Chaque année, la journée de solidarité revient au cœur des discussions dans les entreprises. Pourtant, vingt ans après sa création, beaucoup de salariés ne savent pas vraiment ce qu’elle implique pour leur paie, leur temps de travail ou leurs droits. En 2026, la journée de solidarité est fixée, pour la plupart des entreprises, au lundi 25 mai. Mais ce n’est pas une règle gravée dans le marbre. Je t’explique tout sur ce dispositif : son origine, son fonctionnement concret et son impact sur ta situation.

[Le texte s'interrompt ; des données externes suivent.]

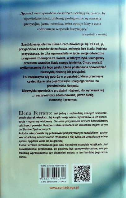 "Genialna przyjaciólka" stanowi Cz.1 Cyklu. Cz.2 "Historia nowego nazwiska", Cz.3 "Historia ucieczki", Cz.4 "Historia zaginionej dziewczynki".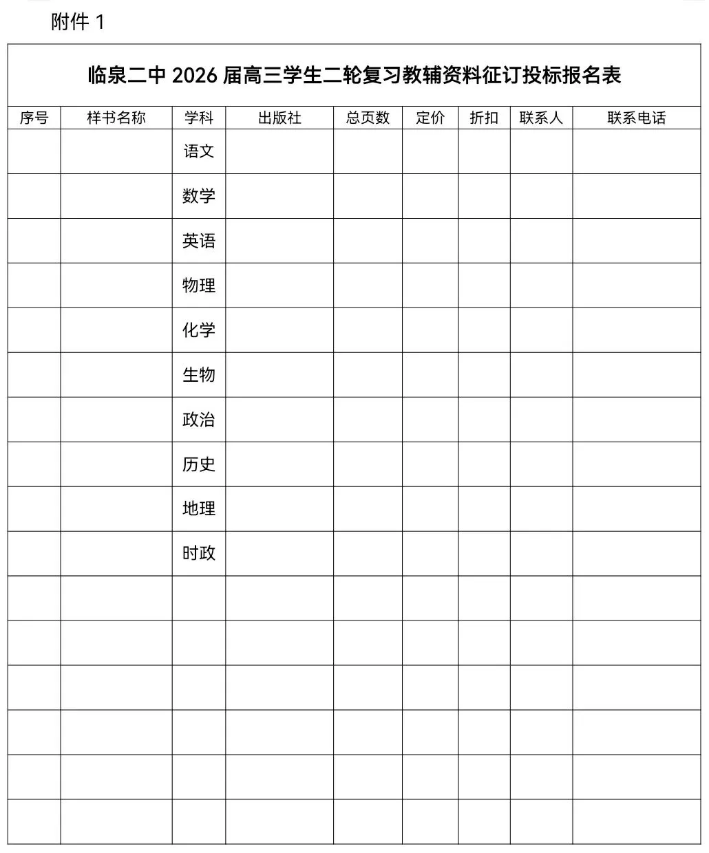 根据国家及省市教育主管部门对中小学教辅资料选用的有关要求,经学校党委会研究决定,对2026届高三学生二轮复习教辅资料征订进行公开招标。

Qu’est-ce que la journée de solidarité ? Origine et principe
La loi instaurant la journée de solidarité
La journée de solidarité a été créée par la loi n°2004-626 du 30 juin 2004, inscrite à l’article L.3133-7 du code du travail. Elle fait suite à la canicule de l’été 2003, qui avait causé la mort de plusieurs milliers de personnes âgées et de personnes handicapées en France. Ce drame a mis en lumière un manque criant de moyens pour accompagner les publics vulnérables.
Objectif initial : financer la dépendance
L’objectif de la journée de solidarité est de financer des actions en faveur de l’autonomie des personnes âgées et des personnes handicapées. En contrepartie du travail fourni par les salariés, l’employeur verse une contribution solidarité autonomie (CSA) équivalente à 0,30 % de la masse salariale brute à la Caisse Nationale de Solidarité pour l’Autonomie (CNSA).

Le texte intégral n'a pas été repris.